The law in Texas says a father only has four years to challenge paternity. If they find out after four years that they are not the father, like Rey Valdez, the law says they are still the parent and still required to pay child support.

State Representative Harold Dutton has tried to pass paternity fraud legislation that would allow a father the right to challenge paternity with a DNA test at any time. Until this is changed the state of Texas is participating in fraud. In this case, the state of Texas supports a total lack of morality on the part Valdez’s ex-wife.

“We have to fix it so the person paying child support is actually the father, and whatever we have to do to fix that, that’s what I think we have to do,” said Dutton. His bill hasn’t passed because he says the Attorney Generals office, which collects child support, opposes it.

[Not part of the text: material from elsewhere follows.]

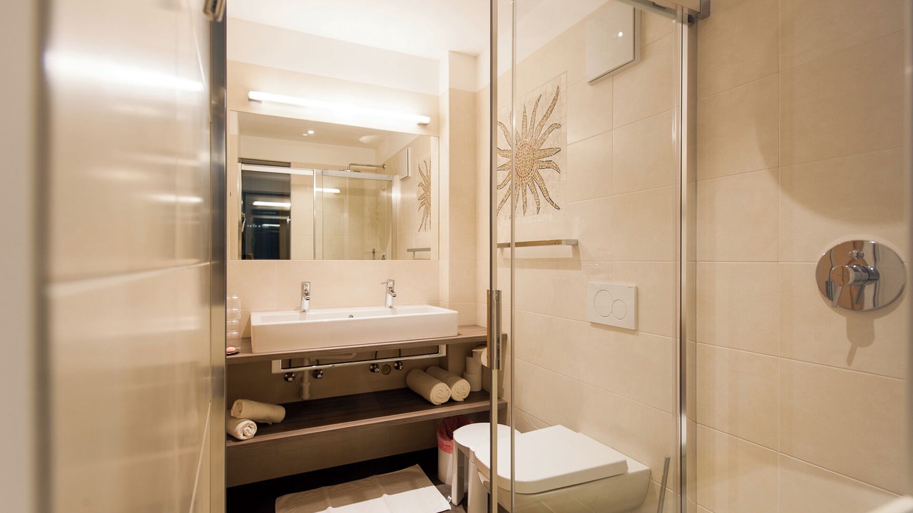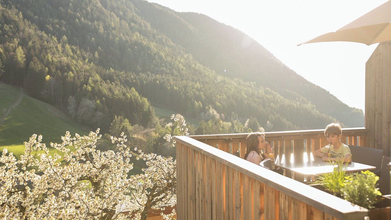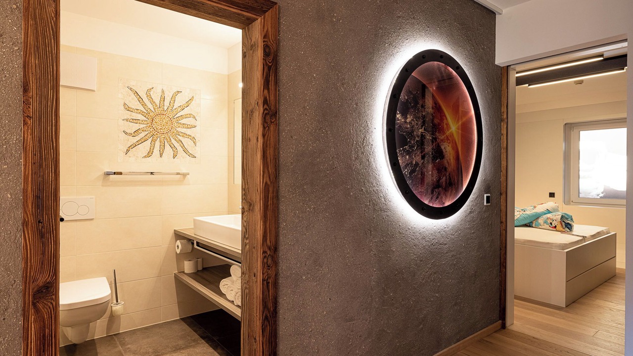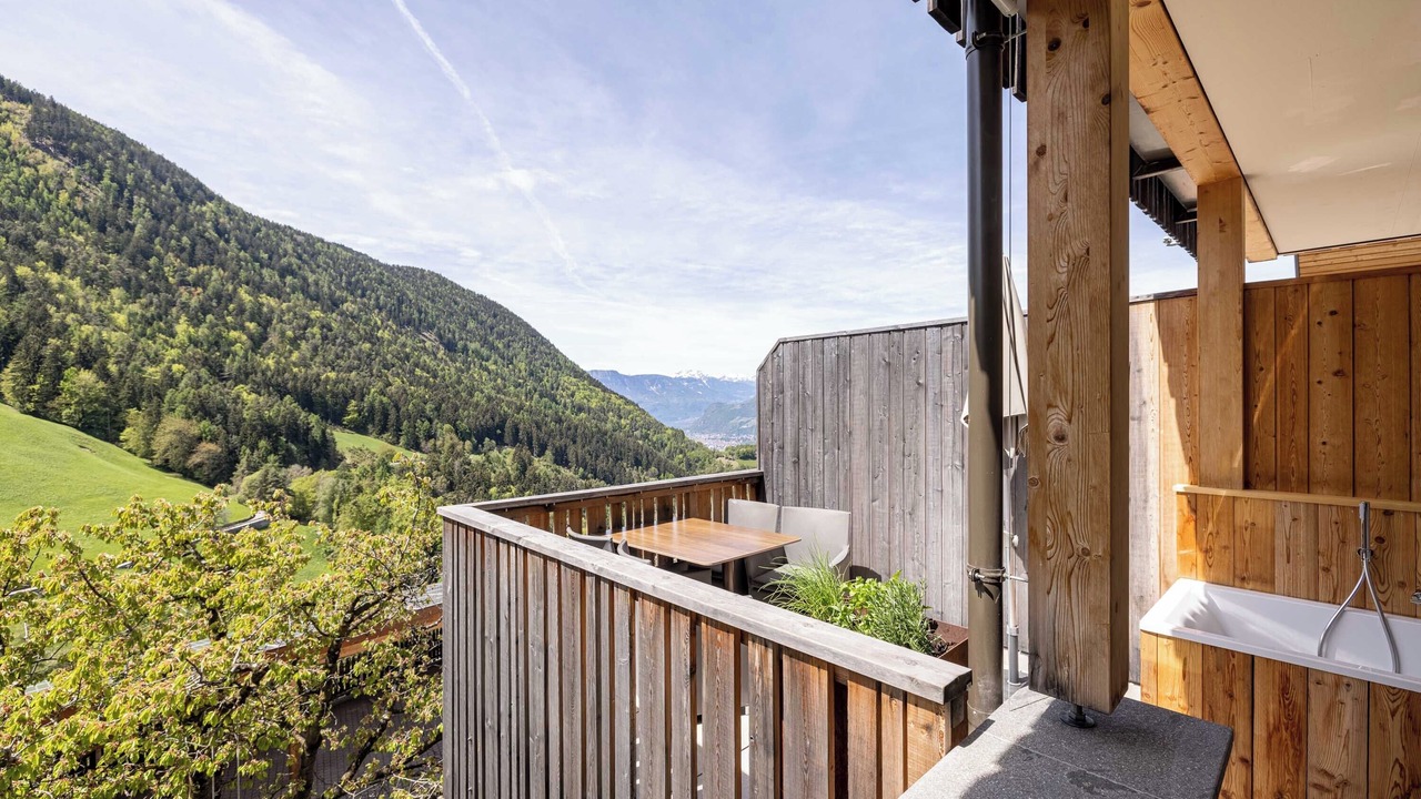 The cozy apartment “Sonnleiten Sonne Mond u Sterne” of family Mahlknecht is situated in Steinegg (Collepietra), in the beautiful area of South Tyrol, and is ideal for hiking, biking or romantic couples holidays. The family-friendly apartment consists of a living room, a well-equipped kitchen with a dishwasher, two bedrooms as well as one bathroom and can therefore accommodate 4 people. Additional amenities include Wi-Fi, a safe, satellite and cable television, a highchair and a baby cot. The second bedroom is a small separate room with a bunk bed (185x85 cm) for children, which can also be used as a stowage when no children are present. The panoramic balcony with herb garden invites you to sit and eat, and in the jacuzzi tub with a view of the Dolomites you can relax perfectly. In the communal outdoor area, you will find a spacious garden, where you can enjoy your own meals from the stone barbecue. Another highlight of the residence is the 200 m² spa area, including a 30° C indoor pool with massage nozzles, 2 saunas (one of them hot), a hay bed, a quiet room, as well as a play area for children. Here you can relax and unwind after a day of hiking, biking or skiing. The nearest supermarket is only a few minute walk (200 m) away, and restaurants with local dishes can be reached on foot from the apartment. The area is known as the first "star village", therefore you will find a planetarium, a solar observatory and a planet path 13 minutes (9.5 km) by car from the village, where you can look at the stars and get a feeling for the vastness of our solar system. Lake Carezza is located 34 minutes (25.7 km) south of the apartment. The capital of South Tyrol, Bolzano, can be reached by car in 22 minutes (13,8 km) and the famous mountain group Catinaccio is 39 minutes (29 km) east of the village.

The AG’s office denies Dutton’s statement. We wanted to ask Attorney General Greg Abbott about paternity fraud, but we only got this statement:

“The Office of the Attorney General is obligated to follow the law. We must honor court orders that establish paternity and require the payment of child support. Our staff always encourages men to obtain paternity testing when it is a legal option.” Men in Texas know better. This writer knows many men in Texas stuck in this very position because of immoral wives. Essentially, the state supports immorality and fraud in the name of children’s rights.

Representative Dutton said he’ll file his bill again next year, but he said he needs your help. You can contact your state representative and senator and tell them to support the change. Spread the Word. Eliminate unconstitutional laws. While you are at it, write your lawmaker about the Bradley Amendment and get it repealed in the name of America.